• DATA SHOWN
┄┄┄┄┄┄┄┄┄┄
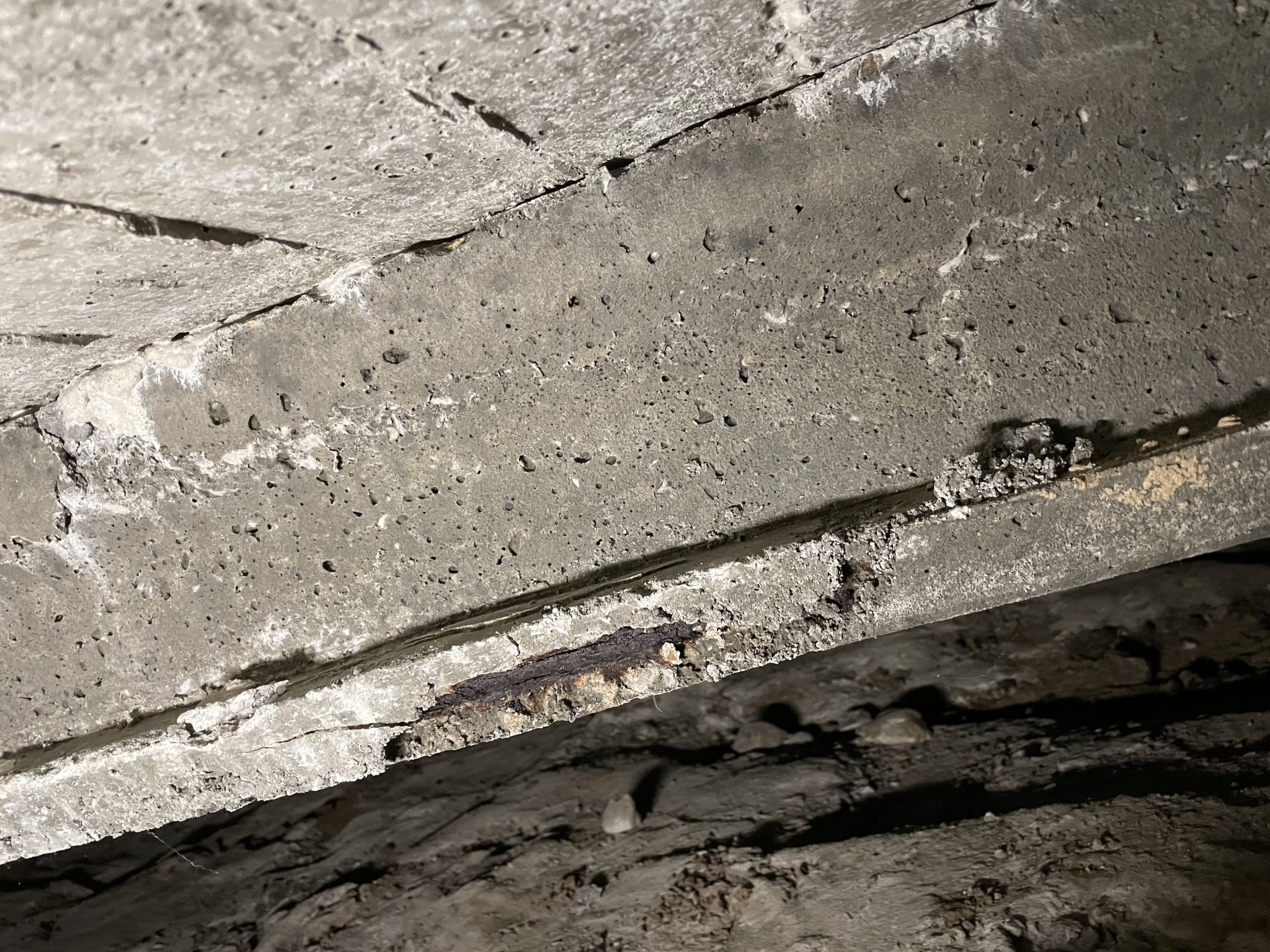 Upptäckte vid inspektion att vår krypgrund har fått en skada på en av de prefabricerade betongbalkarna, armeringen har rostat och sprängt sönder betongen.
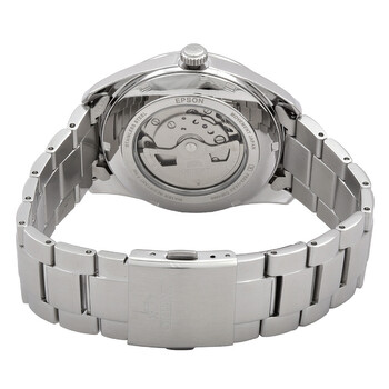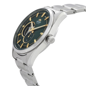 Silver-tone stainless steel case and bracelet. Fixed silver-tone stainless steel bezel. Green dial with gold-tone hands and index hour markers. Minute markers around the outer rim. Dial Type: Analog. Luminescent hands. One subdial displaying: small second. Orient Calibre F6S22 automatic movement with a 40-hour power reserve. Scratch resistant sapphire crystal. Pull / push crown. Transparent case back. Round case shape, case size: 40.8 mm, case thickness: 10.9 mm. Band width: 22 mm. Fold over clasp with a safety release. Water resistant at 50 meters / 165 feet. Functions: hour, minute, small second. Contemporary Series. Casual watch style. Watch label: Japan Movt. Orient Contemporary Automatic Green Dial Men's Watch RA-AR0008E10B.
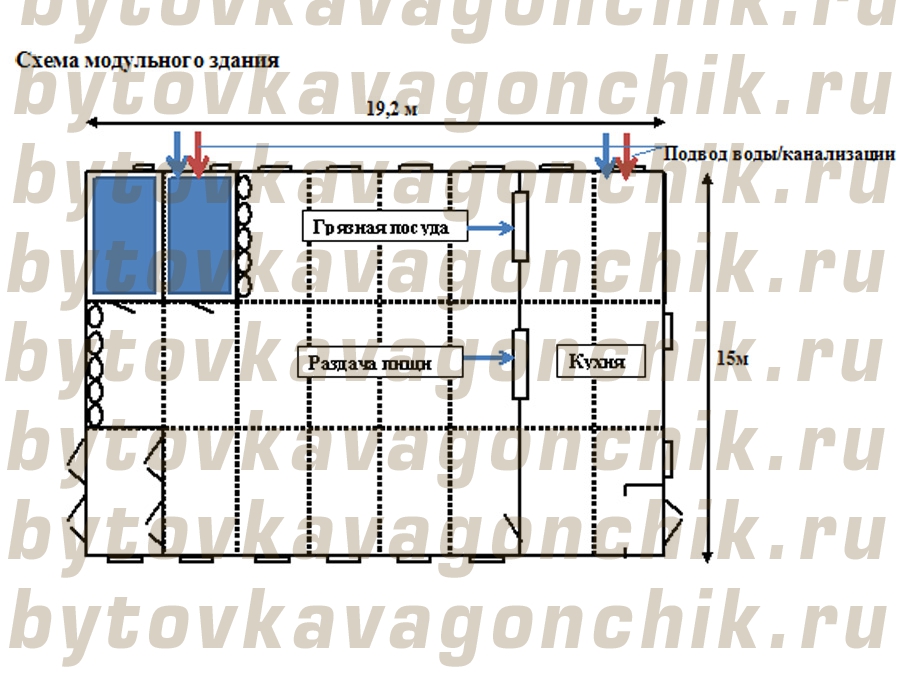 Блок-модуль 19,2*15,0*2,5м (из БК 5*2,4*2,5 – 22шт.) – 1шт.  Столовая/Кухня
┄┄┄┄┄┄┄┄┄┄
• EXERCISE REQUIREMENTS
Your answer should be the lines above from the one that contains "Silver-tone stainless steel case" through the last, set down exactly, with the pictures removed.

• TASK RESULT
 Silver-tone stainless steel case and bracelet. Fixed silver-tone stainless steel bezel. Green dial with gold-tone hands and index hour markers. Minute markers around the outer rim. Dial Type: Analog. Luminescent hands. One subdial displaying: small second. Orient Calibre F6S22 automatic movement with a 40-hour power reserve. Scratch resistant sapphire crystal. Pull / push crown. Transparent case back. Round case shape, case size: 40.8 mm, case thickness: 10.9 mm. Band width: 22 mm. Fold over clasp with a safety release. Water resistant at 50 meters / 165 feet. Functions: hour, minute, small second. Contemporary Series. Casual watch style. Watch label: Japan Movt. Orient Contemporary Automatic Green Dial Men's Watch RA-AR0008E10B.
 Блок-модуль 19,2*15,0*2,5м (из БК 5*2,4*2,5 – 22шт.) – 1шт.  Столовая/Кухня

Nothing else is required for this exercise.